Monday, August 31, 2009

Guys in bands I have a man crush on

I would like to start with the dubious disclaimer that I am not one iota gay, and I love the feel, taste, sometimes the smell , and now even the sight of gash. Also, amongst some of my (also no homo) friends, it has also become commonplace to express our appreciation of a member of a band by saying what sexual practices we would like to engage them in. For example, the other week I was chatting to a bandmate, and he said, quite casually, "yeah, the drums on that Black Dahlia Murder DVD are fucking tight, I would suck that guys cock!", and this was normal unremarkable conversation. Therefore, seeing as our man crushes often manifest in mock sexual desire, i thought that it would be appropriate to express this particular list in a similar fashion, to get across the nature of the (platonic) admiration.

Also, wanting to bugger Bill Kaulitz of Tokio Hotel does not make you gay.

So confused!

Joakim Broden - Sabaton

I already touched on this one last post, and although I hate Sabaton, I couldn't help but include this guy. It's also noteworthy that this is the only guy in the list who actually looks like a chutney shunter. While he does look kina gay, like a token bear, what separates him from say, Manowar, who also look super gay, is the playful nature of his (visual) gayness. While Manowar never smile, and posture far too seriously, I get the Impression that unlike Joey Demaio, he realises that he does look pretty gay, and plays along with it for laughs. Also, I was chatting so Sargent D of Stuff You Will Hate and Metal Inquisition, who is a man with "wizard level game", and he says alot of girls think he's gay at first, and then bam! he's lovin them up to Hollywood Undead's "No. 5". Therefore I suspect old
Joakim may have an ulterior motive for looking so homosexual. Either this or he actually is gay, in which case, as an attractive, gay looking male in a reasonably successful band, he will be like a homing beacon to any other gay power metal fans out there (there are more than you may think). The last alternative is that he has no idea about the gayness at all, and it is all simply the charming naivity that comes with being Swedish. Anyway, he's just so butch, playful, and fun to watch live I can't help but have developed a basic man crush on the guy.

Gay Relationship type: He would joke around alot and I would sigh and tell him to behave. In bed he would generally give it, then in the morning he would make me breakfast and make me feel special.

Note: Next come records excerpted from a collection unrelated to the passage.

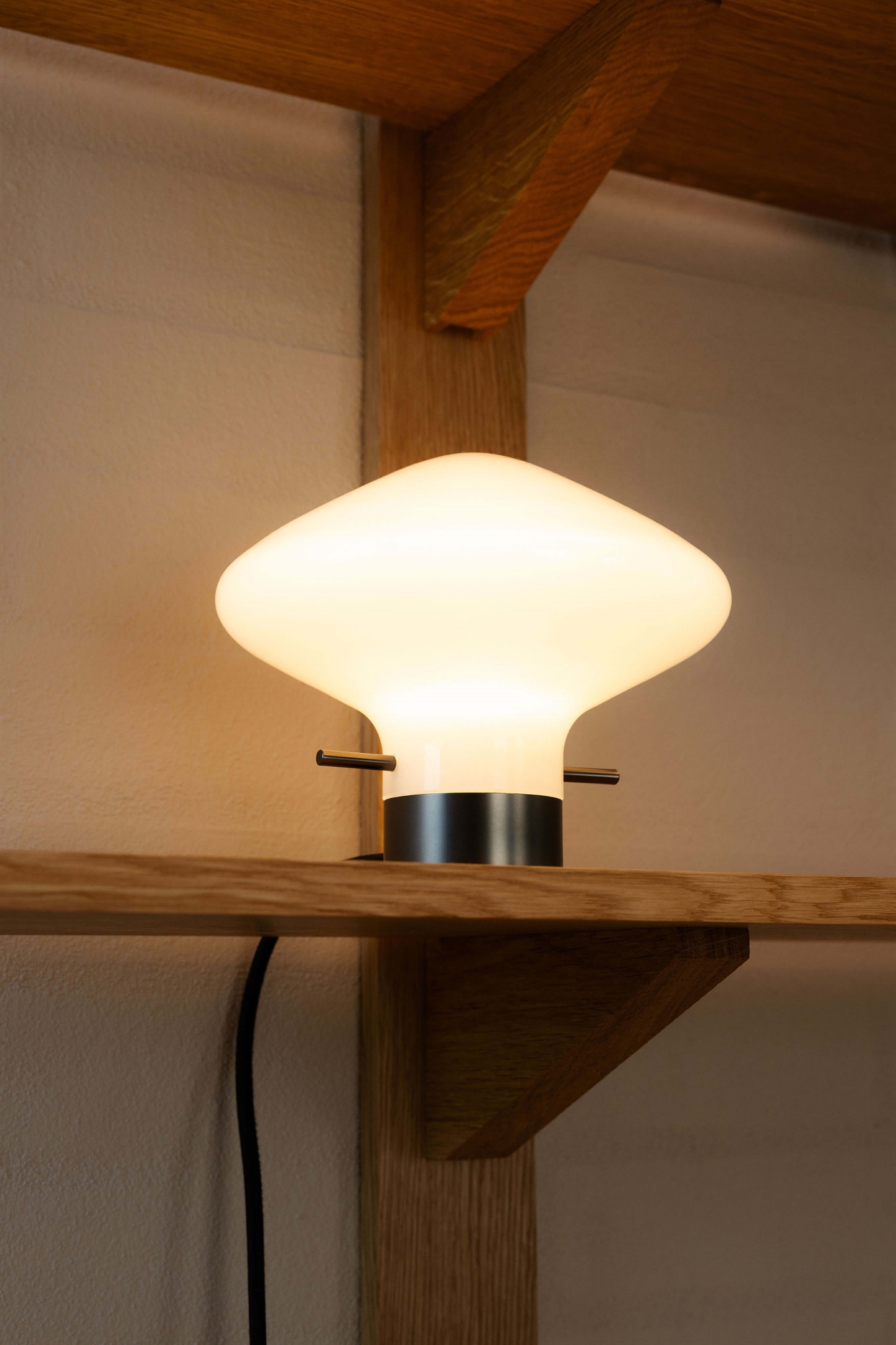 Die Tischlampe Repose aus glänzendem mundgeblasenem Opalglas besticht durch ihr leichtes Design, bei dem ein charakteristischer schwarzer Metallstab den Schirm hält. Der Metallstab ist inspiriert von traditionellen japanischen Haarnadeln, die trotz ihrer einfachen Form eine hohe Funktionalität aufweisen.
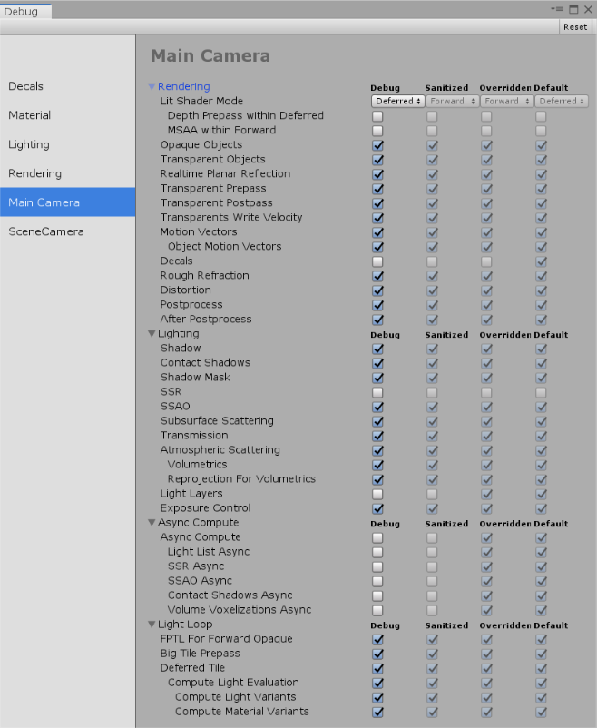 Unity processes Sanitized, Overridden, and Default in a specific order. First it checks the Default Frame Settings, then checks the selected Camera’s Overridden Frame Settings. Finally, it checks whether the HDRP Asset supports the selected Camera’s Frame Settings and displays that result in the Sanitized column.
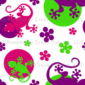 Groovy Geckos - Purple Green and Pink Reptiles on colored dots surrounded by retro colored flowers
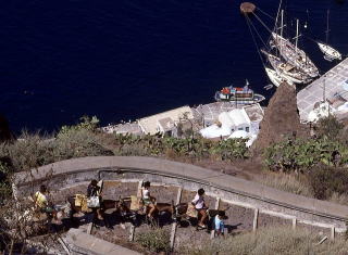 大きな船はアティニオス港に着きますが、クルーズ船や小型の船は、フィラの街の崖下にあるオールドポートにも入港します。ここが1つの名所です。
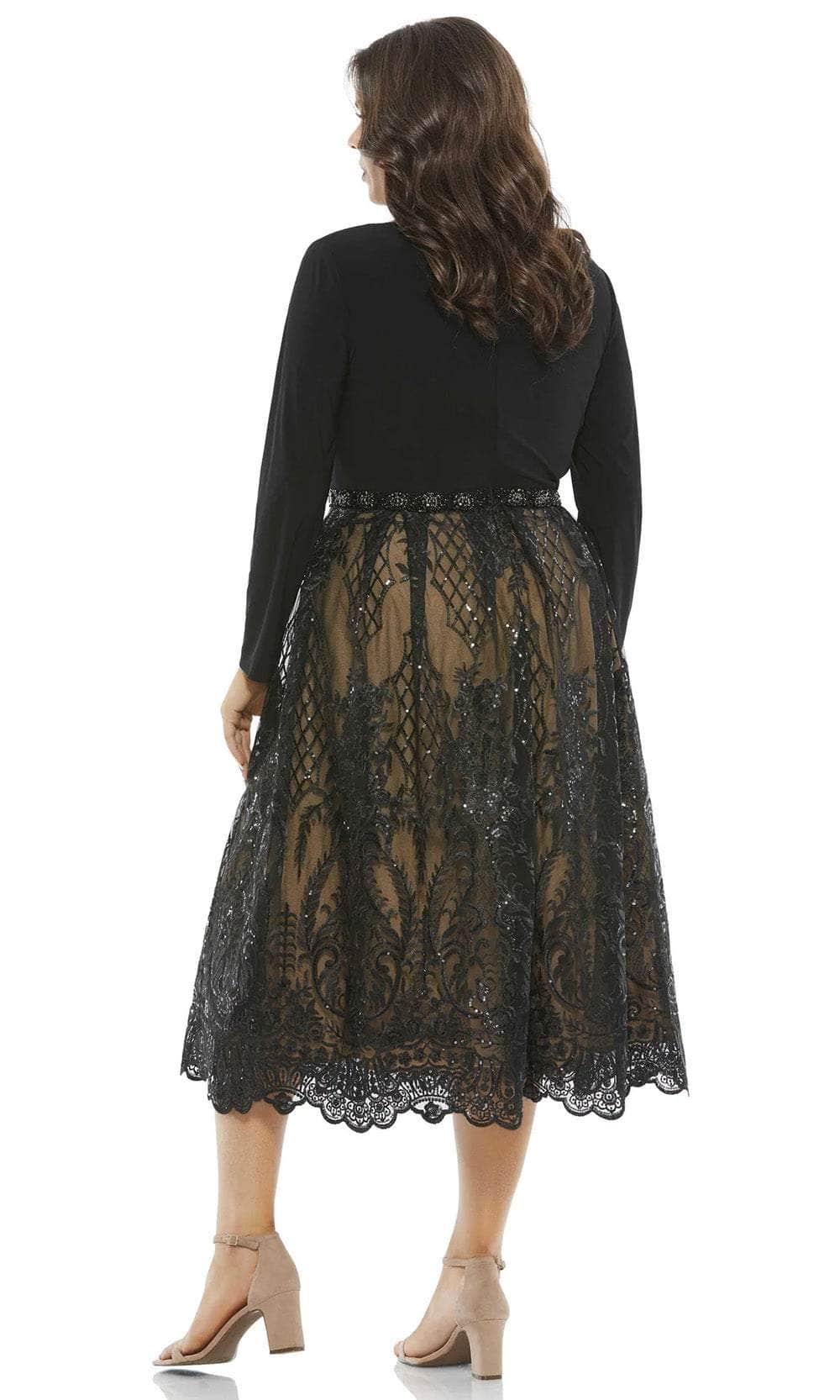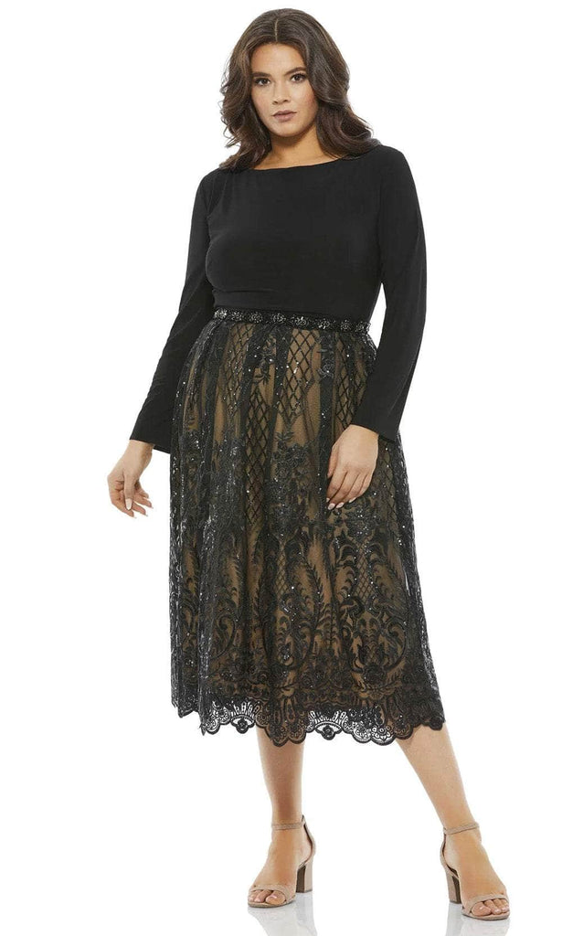 Exude sophistication in Mac Duggal 67905, a knee-length dress that effortlessly blends timeless elegance with modern charm. The bateau neckline and long sleeves add a touch of refinement to the fitted bodice. The full-back with a center zipper closure ensures a seamless look. The embroidered A-line silhouette skirt enhances the overall allure, creating a harmonious balance between classic and contemporary elements. Perfect for various occasions, this Mac Duggal 67905 is a testament to understated glamour and tasteful style. Model is wearing Black Nude color.
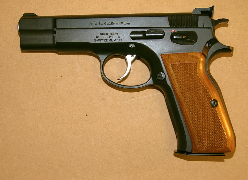 这是瑞士经过捷克授权,在1980年代后期仿制的CZ 75手枪,但经过了一些改进,因此虽然外观上与CZ 75几乎一样,但许多部件都不能与CZ 75互换。ITM AT-84S的生产质量颇高,精度和可靠性都比较好,射击舒适,更换枪管和弹匣后可发射不同口径的枪弹。后来又推出了AT-88,主要是针对保险、击针和枪管/套筒闭锁方式进行了多项改进。现在瑞士的ITM已经被斯芬克斯系统取代。
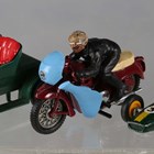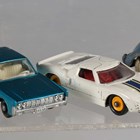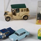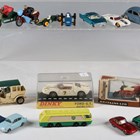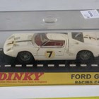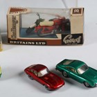 A group of diecast vehicles, including Dinky Toys No. 181 Volkswagen, No. 215 Ford GT racing car, within a plastic display case, three Britains motorcycles and Matchbox vehicles (playwear and faults).
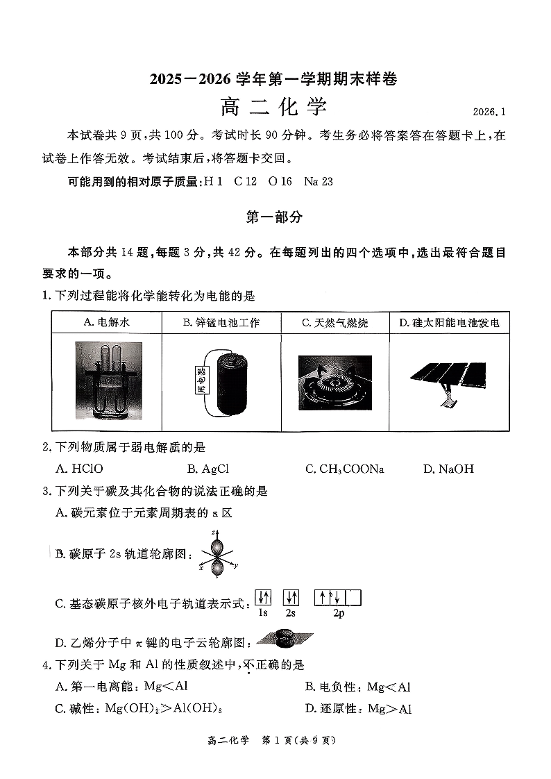 北京市东城区2025-2026学年高二上学期期末样卷 化学试题(含答案).pdf
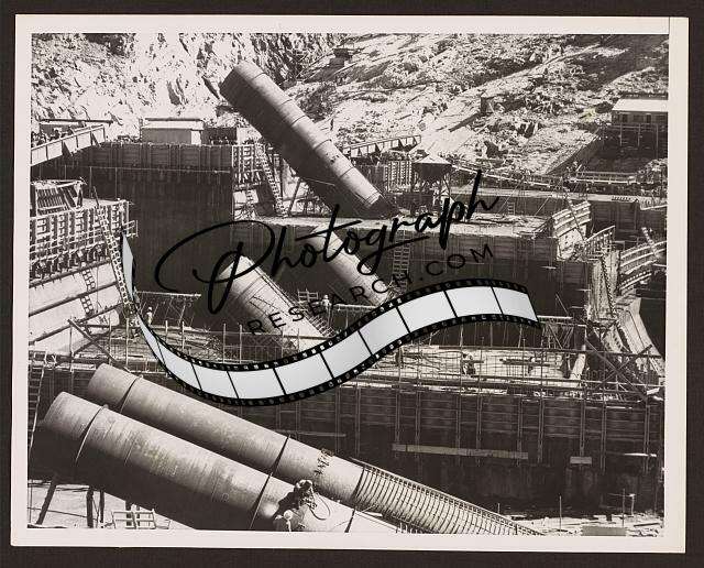 Ponderous pipes,Hungry Horse Dam,penstock,river,1950
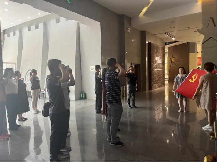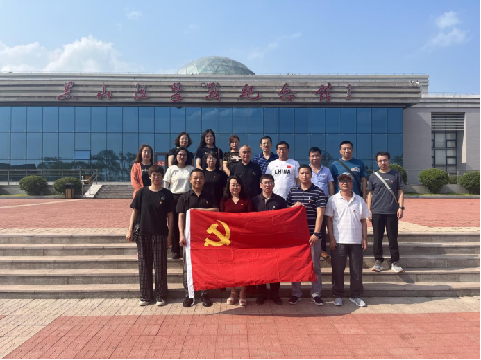 慰问结束后,联合慰问小组一行人前往黑山阻击战纪念馆参观学习,开展“忠诚固根本,建功新突破”主题党日活动。黑山阻击战纪念馆位于“101”高地遗址的西南侧,是一座集收藏、保护、展示、研究黑山阻击战战史于一体的对外开放的专题纪念馆。通过多媒体画面、照片、图片、文物、史料、景观复原等形式,大家全面、真实、准确、系统地再现了当年阻击战惊天动地、泣鬼神的伟大壮举。参观结束后,全体党员面向党旗庄严宣誓,重温入党誓词。
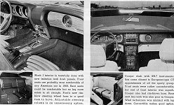 Probably the most luxurious overall, the Cougar XR-7 sports an instrument panel that comes closest to being an honest-to-goodness GT car in the European tradition. It's fully instrumented with well-placed, easy-to-read gauges. Both heater and radio controls are centrally located within easy reach of the passenger. The Cougar convertible is new to the line this year, it's simple and easy-to-operate and with the top up, wind noise is minimal. We did notice quite a few rattles and a loose feeling developing in the body, but a certain amount of that must be expected if you want to enjoy the pleasures of a convertible.
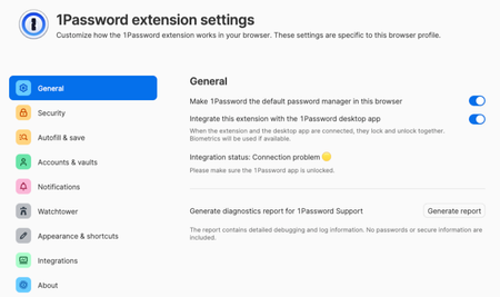 8. Turn "Integrate this extension with the 1Password desktop app" off and then back on.

Muhammed Suicmez - Necrophagist

Being German automatically gets this guy extra man crush points, as well as being a sick guitarist and vocalist. I know the other guitarist in my band, who left for Greece to become the Karate kid yesturday, took with him a picture of Muhammed as a kind of fatherly figure to inspire/watch over him. Hes kind of been the central collective man crush of my band pretty much since the beginning, like the partner we always cheat on but then regret it and return to him. That's a pretty powerful crush, especially seeing as Necrophagist haven't actually released anything since 2004 (since 2006, every year, Muhammed has said that the new album will come out that far, after 6 years, he has one new song to show for it) yet despite this, we remain mostly faithful.

Gay Relationship type: Muhammed is like the "fatherly" partner, who imparts his wisdom and learnings at the cost of what he calls "some sugar".

Something like brokeback mountain, with me as Jake Gyllenhaal, and him as Heath Ledger.

Adam D - Killswitch Engage

This one is almost entirely based on the pinch harmonics this guy pulls off, and his smooth as fuck guitar tones. Me and a few friends base most of our rigs around him. Plus he's just really amusing to watch live. He comes out with ALL the best vagina jokes! Every time i've seen them he's always had something new and ridiculous to say. Plus he's probably the only person to decide to ream emo kids then launch into "My Curse", something he probably realizes how ridiculous it is. Maybe he's subversively mocking everyone....yeah, probably.

Hes some more classic stage banter

So yeah, awesome guitarist, producer, pinch harmonica, and stage banter pro.....pretty admirable no? You should want to fondle his balls. If you don't you're gay.

Gay Relationship type: Probably more of a kind of homosexual bromance, invisible to the naked eye.

Oli Sykes

I know many different straight males who talk openly about bumming Oli Sykes. He's just so damn androgynous and Scene he's practically female anyway. In fact if i was gay I probably
wouldn't give a shit, it's not as gay to rail guys who look like chicks anyway. He's pretty much only here because of his massive scene stigma. Apparently he's the only one in Bring Me The Horizon with any money, all because of that fucking clothes company.

Gay Relationship type: Ohhhh he would get reamed........

Adam Warren - Oceano

Because I had to include a large black man

Gay Relationship type: Ohhhh I would get reamed........


grobi wunder said...

Dude, when I first saw a Tokio Hotel vid four years ago I thought the singer was a really cute underage goth-chick that I'd totally screw! I mean, you can't really tell, neither by voice nor by looks, can ye?

Eyelicker said...

you and me both brother

Anonymous said...

Man how the hell can someone hate sabaton?
And Joakim is so sexy and cool! Love him!